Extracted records
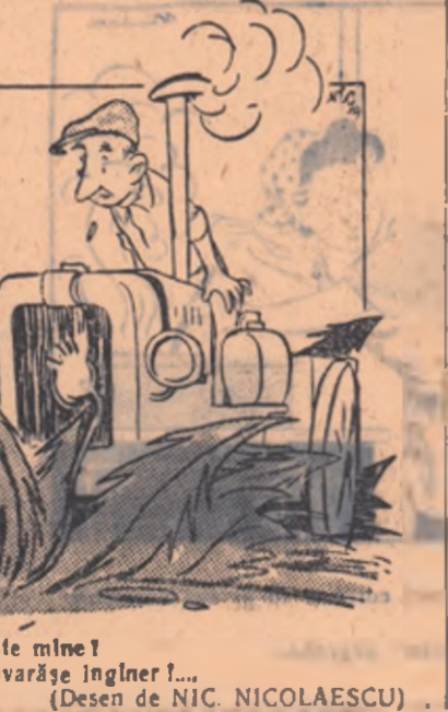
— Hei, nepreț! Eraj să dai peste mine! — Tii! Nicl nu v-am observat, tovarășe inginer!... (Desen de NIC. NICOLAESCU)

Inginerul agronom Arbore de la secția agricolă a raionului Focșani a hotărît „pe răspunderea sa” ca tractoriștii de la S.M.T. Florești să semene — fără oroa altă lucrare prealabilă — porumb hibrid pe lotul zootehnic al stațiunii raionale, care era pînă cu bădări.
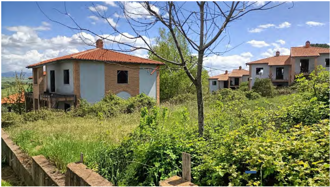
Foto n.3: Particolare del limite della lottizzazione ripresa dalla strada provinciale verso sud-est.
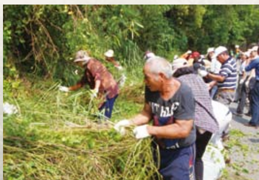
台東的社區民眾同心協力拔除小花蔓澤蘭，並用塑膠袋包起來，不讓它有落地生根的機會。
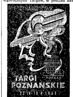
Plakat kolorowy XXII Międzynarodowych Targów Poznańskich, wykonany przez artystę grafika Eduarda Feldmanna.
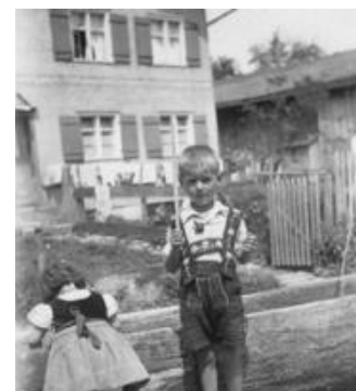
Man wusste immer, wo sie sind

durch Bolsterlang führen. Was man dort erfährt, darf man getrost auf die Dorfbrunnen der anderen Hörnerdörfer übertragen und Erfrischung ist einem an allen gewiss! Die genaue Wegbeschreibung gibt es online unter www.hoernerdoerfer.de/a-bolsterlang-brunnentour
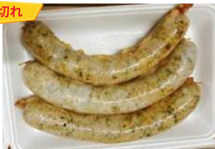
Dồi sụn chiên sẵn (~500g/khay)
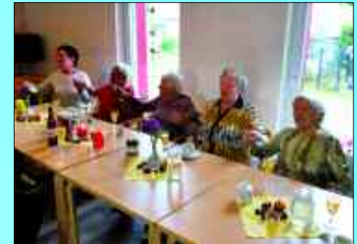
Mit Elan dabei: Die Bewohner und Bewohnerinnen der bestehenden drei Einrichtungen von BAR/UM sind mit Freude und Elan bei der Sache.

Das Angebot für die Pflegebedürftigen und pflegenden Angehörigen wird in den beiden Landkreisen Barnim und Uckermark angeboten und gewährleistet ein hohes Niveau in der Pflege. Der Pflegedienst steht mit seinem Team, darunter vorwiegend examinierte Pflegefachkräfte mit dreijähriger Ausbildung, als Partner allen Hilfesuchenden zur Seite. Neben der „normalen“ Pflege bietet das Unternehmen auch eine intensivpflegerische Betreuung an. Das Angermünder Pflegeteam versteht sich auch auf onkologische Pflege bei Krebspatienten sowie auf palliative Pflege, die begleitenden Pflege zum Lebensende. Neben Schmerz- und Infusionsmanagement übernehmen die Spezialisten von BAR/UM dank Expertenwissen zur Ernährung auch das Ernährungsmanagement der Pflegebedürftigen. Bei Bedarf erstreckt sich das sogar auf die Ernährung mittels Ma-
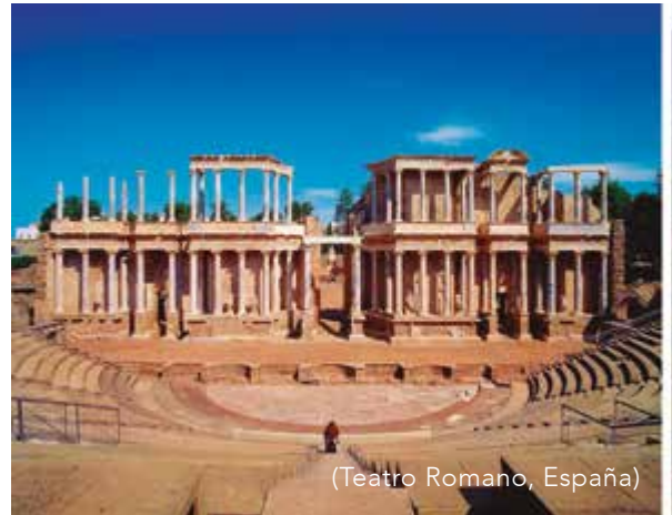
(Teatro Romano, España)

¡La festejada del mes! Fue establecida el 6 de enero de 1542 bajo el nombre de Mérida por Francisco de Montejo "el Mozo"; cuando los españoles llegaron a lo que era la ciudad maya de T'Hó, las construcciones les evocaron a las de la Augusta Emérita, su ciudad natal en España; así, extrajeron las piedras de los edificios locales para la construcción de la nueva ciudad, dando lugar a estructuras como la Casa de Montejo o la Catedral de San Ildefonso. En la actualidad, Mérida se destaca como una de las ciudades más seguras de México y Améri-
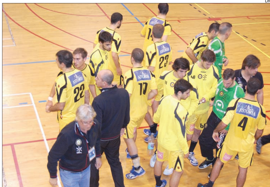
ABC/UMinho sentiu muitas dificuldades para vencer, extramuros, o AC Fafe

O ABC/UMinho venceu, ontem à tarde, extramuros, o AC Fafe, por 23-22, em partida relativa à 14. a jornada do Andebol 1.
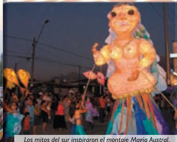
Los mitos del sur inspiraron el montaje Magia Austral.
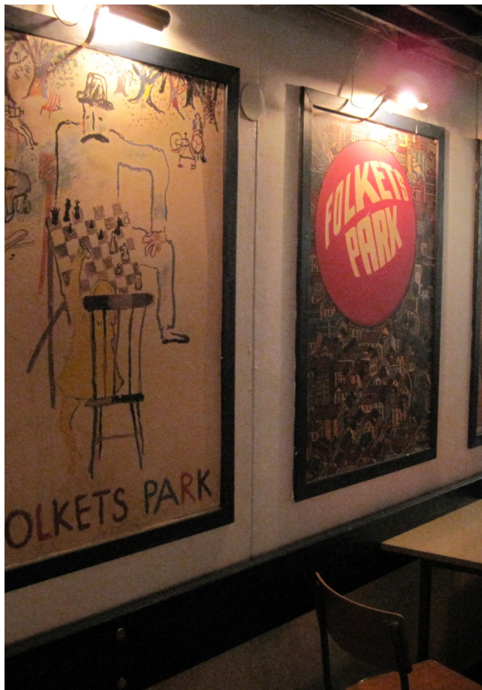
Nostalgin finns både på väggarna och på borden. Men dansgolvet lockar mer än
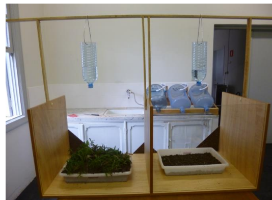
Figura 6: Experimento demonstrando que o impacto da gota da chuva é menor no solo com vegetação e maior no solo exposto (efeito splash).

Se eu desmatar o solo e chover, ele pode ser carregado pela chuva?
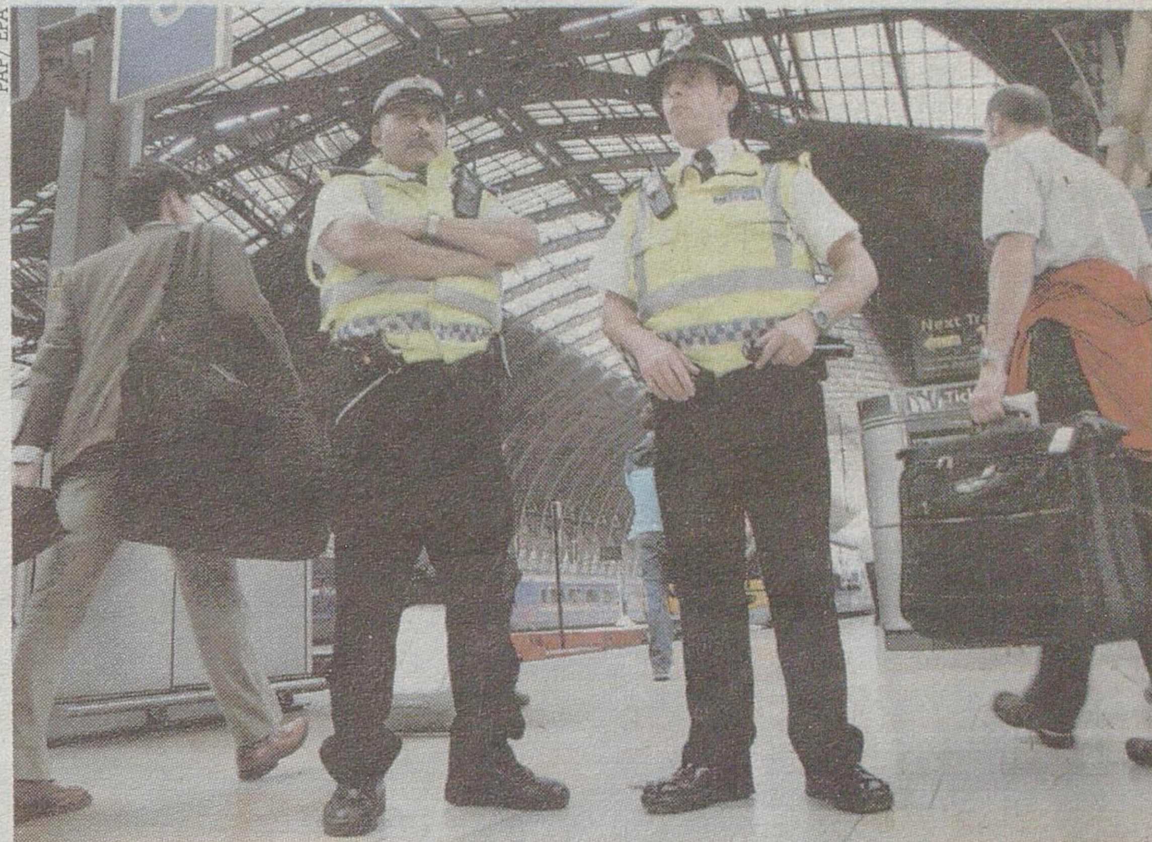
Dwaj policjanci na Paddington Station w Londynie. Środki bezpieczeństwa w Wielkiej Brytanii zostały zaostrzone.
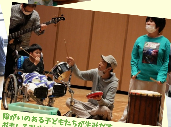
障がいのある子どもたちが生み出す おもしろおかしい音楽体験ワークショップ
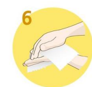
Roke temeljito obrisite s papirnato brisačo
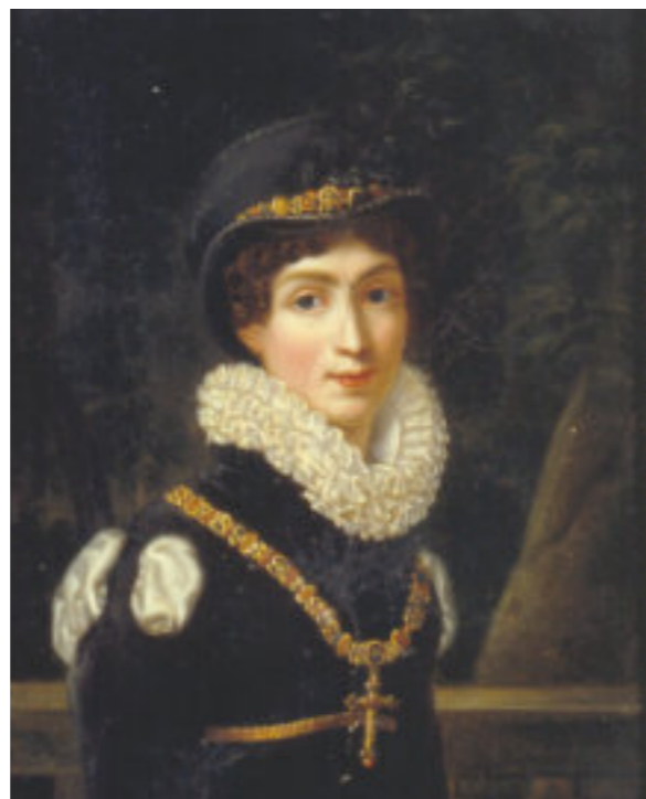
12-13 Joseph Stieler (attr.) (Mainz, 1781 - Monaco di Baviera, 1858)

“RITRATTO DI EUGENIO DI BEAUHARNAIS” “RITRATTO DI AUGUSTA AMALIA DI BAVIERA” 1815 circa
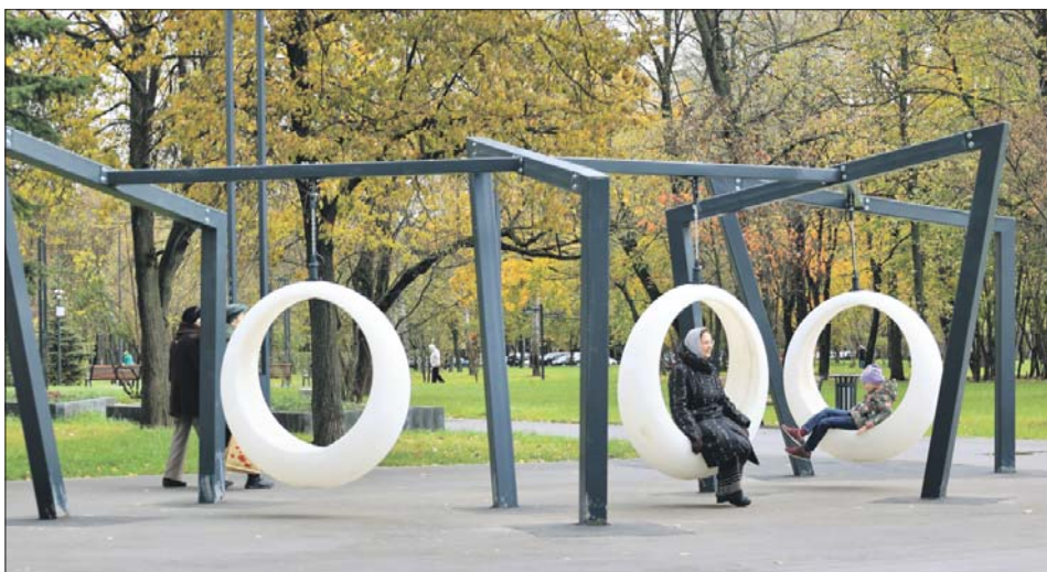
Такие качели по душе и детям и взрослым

[Problem to work on] Where the word "para" occurs in a line of the records, copy that line.

[Response box]
¡La festejada del mes! Fue establecida el 6 de enero de 1542 bajo el nombre de Mérida por Francisco de Montejo "el Mozo"; cuando los españoles llegaron a lo que era la ciudad maya de T'Hó, las construcciones les evocaron a las de la Augusta Emérita, su ciudad natal en España; así, extrajeron las piedras de los edificios locales para la construcción de la nueva ciudad, dando lugar a estructuras como la Casa de Montejo o la Catedral de San Ildefonso. En la actualidad, Mérida se destaca como una de las ciudades más seguras de México y Améri-
ABC/UMinho sentiu muitas dificuldades para vencer, extramuros, o AC Fafe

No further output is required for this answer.